*Your instructions*:
Every line below should come back exactly as written, though the pictures stay out.

Source records
╔══

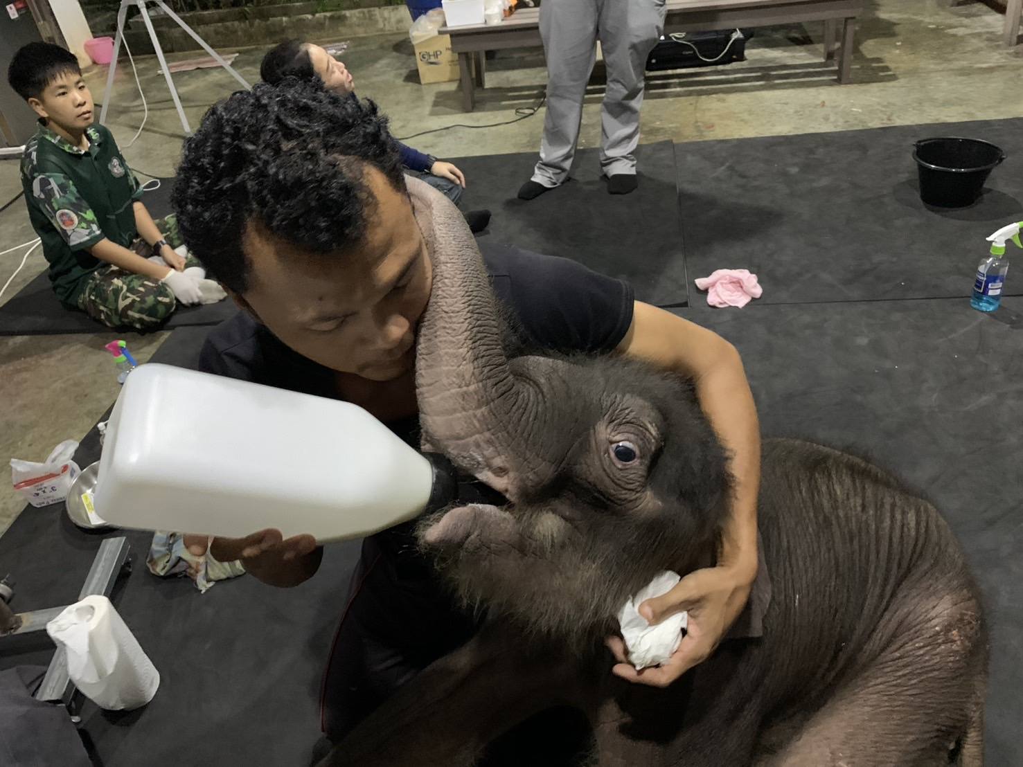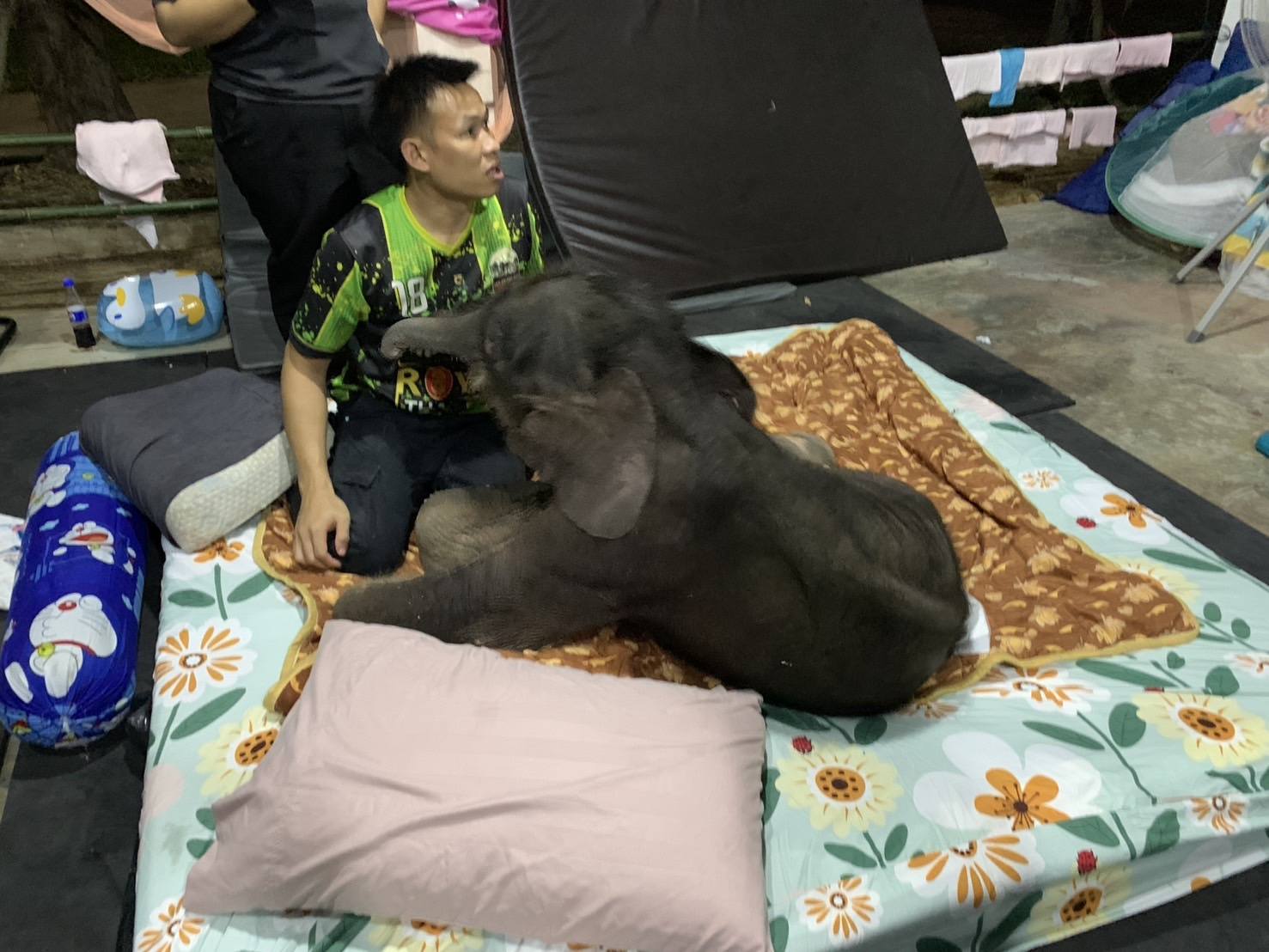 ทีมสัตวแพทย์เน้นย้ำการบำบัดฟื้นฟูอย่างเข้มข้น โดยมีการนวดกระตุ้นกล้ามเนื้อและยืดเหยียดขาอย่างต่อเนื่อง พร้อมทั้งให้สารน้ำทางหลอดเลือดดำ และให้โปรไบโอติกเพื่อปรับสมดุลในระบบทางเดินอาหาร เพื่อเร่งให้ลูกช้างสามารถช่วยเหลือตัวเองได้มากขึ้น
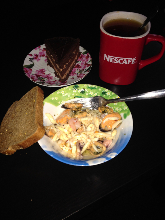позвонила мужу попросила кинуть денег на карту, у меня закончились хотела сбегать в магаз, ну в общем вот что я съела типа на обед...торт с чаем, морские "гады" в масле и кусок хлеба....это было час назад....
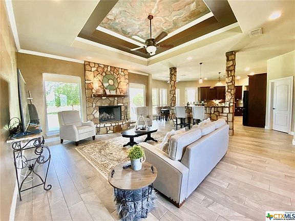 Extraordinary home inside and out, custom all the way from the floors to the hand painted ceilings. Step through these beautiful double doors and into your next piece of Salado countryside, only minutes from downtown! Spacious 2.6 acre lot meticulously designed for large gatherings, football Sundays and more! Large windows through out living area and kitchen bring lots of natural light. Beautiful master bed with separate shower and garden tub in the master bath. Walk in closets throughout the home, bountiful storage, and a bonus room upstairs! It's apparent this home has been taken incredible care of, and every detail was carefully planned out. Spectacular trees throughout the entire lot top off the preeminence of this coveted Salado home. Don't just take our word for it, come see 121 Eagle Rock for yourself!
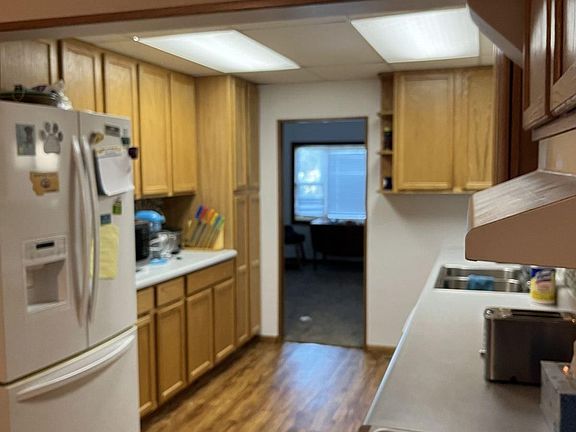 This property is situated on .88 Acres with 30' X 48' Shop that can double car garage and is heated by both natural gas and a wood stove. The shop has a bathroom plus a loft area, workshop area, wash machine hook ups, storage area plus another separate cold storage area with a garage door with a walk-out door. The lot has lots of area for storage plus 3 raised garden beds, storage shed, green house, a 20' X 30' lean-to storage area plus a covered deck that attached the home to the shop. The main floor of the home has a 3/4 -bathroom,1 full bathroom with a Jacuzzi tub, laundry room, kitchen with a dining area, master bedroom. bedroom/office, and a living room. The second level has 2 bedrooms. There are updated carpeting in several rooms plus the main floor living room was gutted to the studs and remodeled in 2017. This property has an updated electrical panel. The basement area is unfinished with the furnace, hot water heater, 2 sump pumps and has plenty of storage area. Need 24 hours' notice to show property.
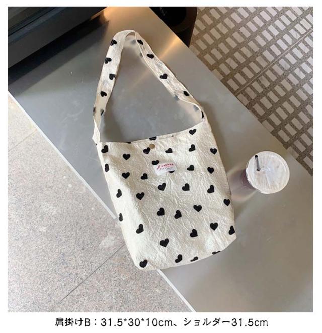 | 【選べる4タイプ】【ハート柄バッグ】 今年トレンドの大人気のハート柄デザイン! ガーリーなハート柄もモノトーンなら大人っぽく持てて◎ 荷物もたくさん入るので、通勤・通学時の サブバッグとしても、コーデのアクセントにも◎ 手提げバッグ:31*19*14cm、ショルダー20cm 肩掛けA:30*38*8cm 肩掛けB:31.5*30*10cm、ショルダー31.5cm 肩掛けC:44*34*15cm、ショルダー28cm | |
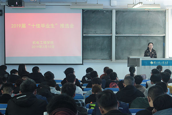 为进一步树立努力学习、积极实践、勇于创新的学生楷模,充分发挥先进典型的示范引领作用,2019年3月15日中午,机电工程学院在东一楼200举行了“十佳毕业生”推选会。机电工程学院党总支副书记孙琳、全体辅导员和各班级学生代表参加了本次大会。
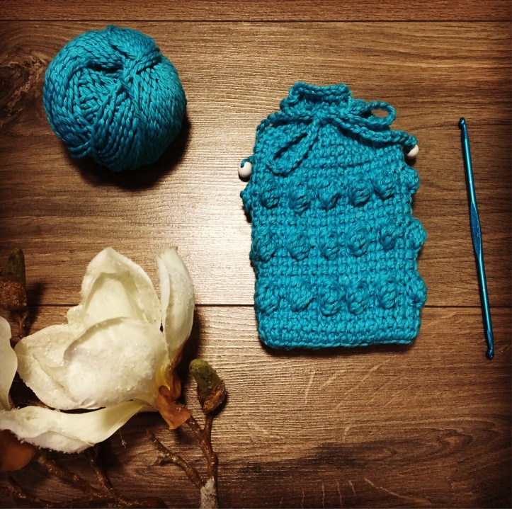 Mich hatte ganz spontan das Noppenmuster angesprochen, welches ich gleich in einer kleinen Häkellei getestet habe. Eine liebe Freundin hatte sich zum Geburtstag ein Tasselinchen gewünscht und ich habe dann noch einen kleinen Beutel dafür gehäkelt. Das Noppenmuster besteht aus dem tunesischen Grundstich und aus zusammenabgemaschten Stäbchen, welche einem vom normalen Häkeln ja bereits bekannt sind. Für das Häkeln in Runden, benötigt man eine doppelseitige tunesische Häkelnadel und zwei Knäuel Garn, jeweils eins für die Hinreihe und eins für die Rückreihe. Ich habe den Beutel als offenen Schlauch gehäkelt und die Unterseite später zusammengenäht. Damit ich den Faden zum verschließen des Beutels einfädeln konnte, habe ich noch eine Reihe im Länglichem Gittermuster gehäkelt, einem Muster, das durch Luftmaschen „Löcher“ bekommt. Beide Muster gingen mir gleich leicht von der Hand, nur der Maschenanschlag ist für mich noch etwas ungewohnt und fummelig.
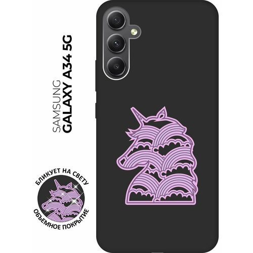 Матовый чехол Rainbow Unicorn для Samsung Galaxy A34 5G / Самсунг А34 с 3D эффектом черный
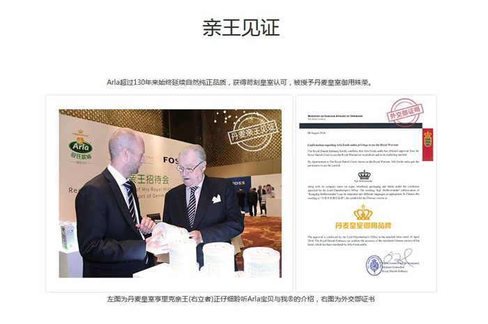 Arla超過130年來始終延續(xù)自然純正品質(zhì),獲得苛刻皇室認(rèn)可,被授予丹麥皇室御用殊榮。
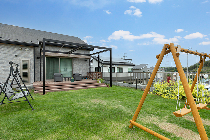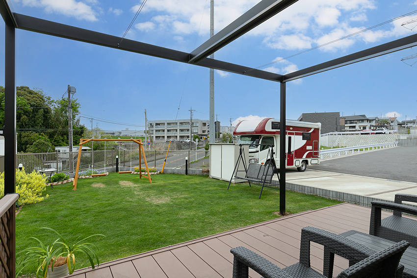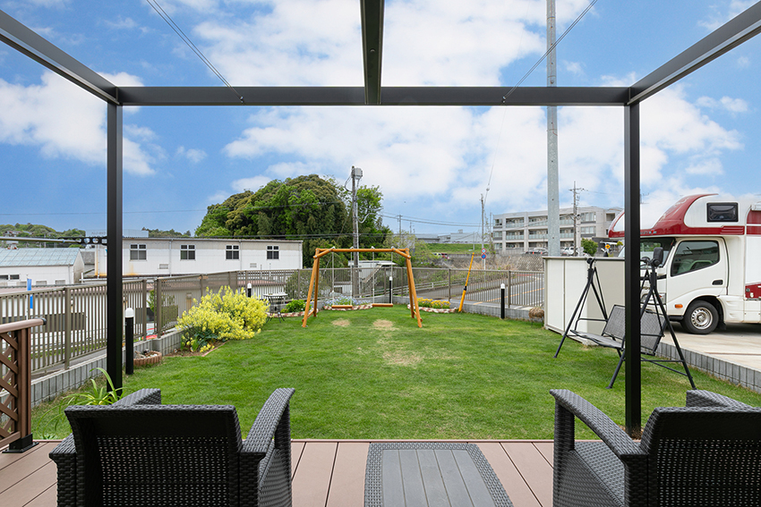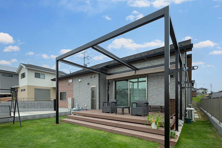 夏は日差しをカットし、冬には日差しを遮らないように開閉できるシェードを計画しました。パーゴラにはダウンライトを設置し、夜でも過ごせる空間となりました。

╚══

*Answer to this task*:
 ทีมสัตวแพทย์เน้นย้ำการบำบัดฟื้นฟูอย่างเข้มข้น โดยมีการนวดกระตุ้นกล้ามเนื้อและยืดเหยียดขาอย่างต่อเนื่อง พร้อมทั้งให้สารน้ำทางหลอดเลือดดำ และให้โปรไบโอติกเพื่อปรับสมดุลในระบบทางเดินอาหาร เพื่อเร่งให้ลูกช้างสามารถช่วยเหลือตัวเองได้มากขึ้น
позвонила мужу попросила кинуть денег на карту, у меня закончились хотела сбегать в магаз, ну в общем вот что я съела типа на обед...торт с чаем, морские "гады" в масле и кусок хлеба....это было час назад....
 Extraordinary home inside and out, custom all the way from the floors to the hand painted ceilings. Step through these beautiful double doors and into your next piece of Salado countryside, only minutes from downtown! Spacious 2.6 acre lot meticulously designed for large gatherings, football Sundays and more! Large windows through out living area and kitchen bring lots of natural light. Beautiful master bed with separate shower and garden tub in the master bath. Walk in closets throughout the home, bountiful storage, and a bonus room upstairs! It's apparent this home has been taken incredible care of, and every detail was carefully planned out. Spectacular trees throughout the entire lot top off the preeminence of this coveted Salado home. Don't just take our word for it, come see 121 Eagle Rock for yourself!
 This property is situated on .88 Acres with 30' X 48' Shop that can double car garage and is heated by both natural gas and a wood stove. The shop has a bathroom plus a loft area, workshop area, wash machine hook ups, storage area plus another separate cold storage area with a garage door with a walk-out door. The lot has lots of area for storage plus 3 raised garden beds, storage shed, green house, a 20' X 30' lean-to storage area plus a covered deck that attached the home to the shop. The main floor of the home has a 3/4 -bathroom,1 full bathroom with a Jacuzzi tub, laundry room, kitchen with a dining area, master bedroom. bedroom/office, and a living room. The second level has 2 bedrooms. There are updated carpeting in several rooms plus the main floor living room was gutted to the studs and remodeled in 2017. This property has an updated electrical panel. The basement area is unfinished with the furnace, hot water heater, 2 sump pumps and has plenty of storage area. Need 24 hours' notice to show property.
 | 【選べる4タイプ】【ハート柄バッグ】 今年トレンドの大人気のハート柄デザイン! ガーリーなハート柄もモノトーンなら大人っぽく持てて◎ 荷物もたくさん入るので、通勤・通学時の サブバッグとしても、コーデのアクセントにも◎ 手提げバッグ:31*19*14cm、ショルダー20cm 肩掛けA:30*38*8cm 肩掛けB:31.5*30*10cm、ショルダー31.5cm 肩掛けC:44*34*15cm、ショルダー28cm | |
 为进一步树立努力学习、积极实践、勇于创新的学生楷模,充分发挥先进典型的示范引领作用,2019年3月15日中午,机电工程学院在东一楼200举行了“十佳毕业生”推选会。机电工程学院党总支副书记孙琳、全体辅导员和各班级学生代表参加了本次大会。
 Mich hatte ganz spontan das Noppenmuster angesprochen, welches ich gleich in einer kleinen Häkellei getestet habe. Eine liebe Freundin hatte sich zum Geburtstag ein Tasselinchen gewünscht und ich habe dann noch einen kleinen Beutel dafür gehäkelt. Das Noppenmuster besteht aus dem tunesischen Grundstich und aus zusammenabgemaschten Stäbchen, welche einem vom normalen Häkeln ja bereits bekannt sind. Für das Häkeln in Runden, benötigt man eine doppelseitige tunesische Häkelnadel und zwei Knäuel Garn, jeweils eins für die Hinreihe und eins für die Rückreihe. Ich habe den Beutel als offenen Schlauch gehäkelt und die Unterseite später zusammengenäht. Damit ich den Faden zum verschließen des Beutels einfädeln konnte, habe ich noch eine Reihe im Länglichem Gittermuster gehäkelt, einem Muster, das durch Luftmaschen „Löcher“ bekommt. Beide Muster gingen mir gleich leicht von der Hand, nur der Maschenanschlag ist für mich noch etwas ungewohnt und fummelig.
 Матовый чехол Rainbow Unicorn для Samsung Galaxy A34 5G / Самсунг А34 с 3D эффектом черный
 Arla超過130年來始終延續(xù)自然純正品質(zhì),獲得苛刻皇室認(rèn)可,被授予丹麥皇室御用殊榮。
 夏は日差しをカットし、冬には日差しを遮らないように開閉できるシェードを計画しました。パーゴラにはダウンライトを設置し、夜でも過ごせる空間となりました。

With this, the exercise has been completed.